[Source data]
+ + + + + + +

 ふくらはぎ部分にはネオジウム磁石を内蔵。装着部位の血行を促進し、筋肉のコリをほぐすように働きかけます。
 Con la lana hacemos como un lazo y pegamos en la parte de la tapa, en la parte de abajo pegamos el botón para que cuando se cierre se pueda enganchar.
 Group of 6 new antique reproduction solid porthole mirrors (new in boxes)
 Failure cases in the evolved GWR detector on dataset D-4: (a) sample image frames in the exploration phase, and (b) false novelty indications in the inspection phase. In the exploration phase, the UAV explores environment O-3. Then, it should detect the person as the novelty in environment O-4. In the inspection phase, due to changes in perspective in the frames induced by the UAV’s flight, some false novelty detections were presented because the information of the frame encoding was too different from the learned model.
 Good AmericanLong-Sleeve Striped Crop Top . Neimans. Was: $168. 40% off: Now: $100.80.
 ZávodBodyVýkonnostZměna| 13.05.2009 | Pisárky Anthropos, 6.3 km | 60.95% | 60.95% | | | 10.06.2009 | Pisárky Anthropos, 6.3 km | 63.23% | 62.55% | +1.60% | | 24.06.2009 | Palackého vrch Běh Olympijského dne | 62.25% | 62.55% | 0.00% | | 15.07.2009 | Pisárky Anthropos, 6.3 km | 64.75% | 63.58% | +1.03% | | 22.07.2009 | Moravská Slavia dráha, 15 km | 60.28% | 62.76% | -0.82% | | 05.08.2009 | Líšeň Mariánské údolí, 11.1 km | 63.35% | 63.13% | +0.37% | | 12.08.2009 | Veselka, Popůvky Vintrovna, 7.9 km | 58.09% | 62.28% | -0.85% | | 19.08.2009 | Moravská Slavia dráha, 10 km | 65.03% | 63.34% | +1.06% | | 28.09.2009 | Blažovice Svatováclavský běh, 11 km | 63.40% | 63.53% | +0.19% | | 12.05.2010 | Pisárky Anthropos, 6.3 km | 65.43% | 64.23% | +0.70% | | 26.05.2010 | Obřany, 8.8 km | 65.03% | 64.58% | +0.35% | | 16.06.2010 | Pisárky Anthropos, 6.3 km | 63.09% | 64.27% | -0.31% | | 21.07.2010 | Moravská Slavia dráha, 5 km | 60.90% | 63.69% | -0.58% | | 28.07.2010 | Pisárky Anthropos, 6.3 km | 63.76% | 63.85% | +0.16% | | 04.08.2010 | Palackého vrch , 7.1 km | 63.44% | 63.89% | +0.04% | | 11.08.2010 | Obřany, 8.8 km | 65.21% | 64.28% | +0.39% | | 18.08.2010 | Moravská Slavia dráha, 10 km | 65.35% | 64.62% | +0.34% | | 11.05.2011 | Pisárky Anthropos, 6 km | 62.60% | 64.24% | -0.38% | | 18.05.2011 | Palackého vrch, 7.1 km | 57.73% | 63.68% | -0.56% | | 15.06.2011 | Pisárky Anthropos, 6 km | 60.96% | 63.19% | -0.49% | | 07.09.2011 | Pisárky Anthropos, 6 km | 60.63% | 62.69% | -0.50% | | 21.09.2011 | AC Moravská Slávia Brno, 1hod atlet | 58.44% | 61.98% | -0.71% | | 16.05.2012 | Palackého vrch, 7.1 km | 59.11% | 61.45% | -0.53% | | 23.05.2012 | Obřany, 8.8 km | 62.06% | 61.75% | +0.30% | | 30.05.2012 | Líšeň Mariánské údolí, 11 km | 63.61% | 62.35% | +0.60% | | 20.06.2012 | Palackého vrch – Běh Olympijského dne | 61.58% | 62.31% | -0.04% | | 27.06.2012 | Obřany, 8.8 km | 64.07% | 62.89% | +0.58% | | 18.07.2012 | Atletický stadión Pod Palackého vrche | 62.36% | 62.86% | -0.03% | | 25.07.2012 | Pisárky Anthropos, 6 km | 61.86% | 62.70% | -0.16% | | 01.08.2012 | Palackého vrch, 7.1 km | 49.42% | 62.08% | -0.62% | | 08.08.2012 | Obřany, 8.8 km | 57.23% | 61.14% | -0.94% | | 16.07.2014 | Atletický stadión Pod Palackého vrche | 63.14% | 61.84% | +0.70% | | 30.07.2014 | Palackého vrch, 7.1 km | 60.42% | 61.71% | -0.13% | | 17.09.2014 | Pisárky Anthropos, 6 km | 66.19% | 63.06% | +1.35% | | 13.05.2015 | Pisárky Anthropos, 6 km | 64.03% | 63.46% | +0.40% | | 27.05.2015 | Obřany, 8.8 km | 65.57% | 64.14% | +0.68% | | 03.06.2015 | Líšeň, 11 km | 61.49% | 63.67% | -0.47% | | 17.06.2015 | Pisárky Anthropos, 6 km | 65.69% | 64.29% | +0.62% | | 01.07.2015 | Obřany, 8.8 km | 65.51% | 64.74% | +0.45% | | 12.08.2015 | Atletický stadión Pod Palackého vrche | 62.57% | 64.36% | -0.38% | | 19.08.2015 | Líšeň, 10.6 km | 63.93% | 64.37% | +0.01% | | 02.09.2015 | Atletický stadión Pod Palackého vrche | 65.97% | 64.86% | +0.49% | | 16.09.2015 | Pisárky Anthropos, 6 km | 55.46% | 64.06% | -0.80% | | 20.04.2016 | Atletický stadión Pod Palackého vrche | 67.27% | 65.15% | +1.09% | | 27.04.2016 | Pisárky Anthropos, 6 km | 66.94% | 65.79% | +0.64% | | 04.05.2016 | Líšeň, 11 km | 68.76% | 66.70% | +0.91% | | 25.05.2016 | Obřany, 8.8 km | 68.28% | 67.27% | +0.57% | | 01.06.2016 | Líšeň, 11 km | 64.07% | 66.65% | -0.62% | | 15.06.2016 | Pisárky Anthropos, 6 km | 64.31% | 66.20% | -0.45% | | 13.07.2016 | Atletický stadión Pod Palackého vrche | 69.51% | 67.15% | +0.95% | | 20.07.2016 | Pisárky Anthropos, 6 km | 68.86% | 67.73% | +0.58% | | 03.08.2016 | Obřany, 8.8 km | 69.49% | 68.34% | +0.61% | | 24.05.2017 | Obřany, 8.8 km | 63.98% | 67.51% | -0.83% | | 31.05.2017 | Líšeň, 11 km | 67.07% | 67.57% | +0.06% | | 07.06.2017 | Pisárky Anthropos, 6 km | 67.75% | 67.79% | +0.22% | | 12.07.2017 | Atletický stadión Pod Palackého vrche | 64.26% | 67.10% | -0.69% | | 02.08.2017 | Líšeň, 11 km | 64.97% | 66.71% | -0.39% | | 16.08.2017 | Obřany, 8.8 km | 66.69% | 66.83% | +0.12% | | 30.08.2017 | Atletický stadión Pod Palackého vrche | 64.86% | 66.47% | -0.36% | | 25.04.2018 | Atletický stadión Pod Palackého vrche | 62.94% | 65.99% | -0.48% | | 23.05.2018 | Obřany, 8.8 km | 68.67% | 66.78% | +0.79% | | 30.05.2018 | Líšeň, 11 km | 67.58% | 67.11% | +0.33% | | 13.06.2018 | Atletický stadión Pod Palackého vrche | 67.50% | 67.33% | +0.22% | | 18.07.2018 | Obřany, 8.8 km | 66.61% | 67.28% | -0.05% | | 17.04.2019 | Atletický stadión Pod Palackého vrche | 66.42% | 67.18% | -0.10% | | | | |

+ + + + + + +

* [Your objective] Set down, exactly as they appear above, all lines from the one that has "Group of 6 new" down to the one that has "Good AmericanLong-Sleeve Striped", including those two and no others.

* [Task response]
 Group of 6 new antique reproduction solid porthole mirrors (new in boxes)
 Failure cases in the evolved GWR detector on dataset D-4: (a) sample image frames in the exploration phase, and (b) false novelty indications in the inspection phase. In the exploration phase, the UAV explores environment O-3. Then, it should detect the person as the novelty in environment O-4. In the inspection phase, due to changes in perspective in the frames induced by the UAV’s flight, some false novelty detections were presented because the information of the frame encoding was too different from the learned model.
 Good AmericanLong-Sleeve Striped Crop Top . Neimans. Was: $168. 40% off: Now: $100.80.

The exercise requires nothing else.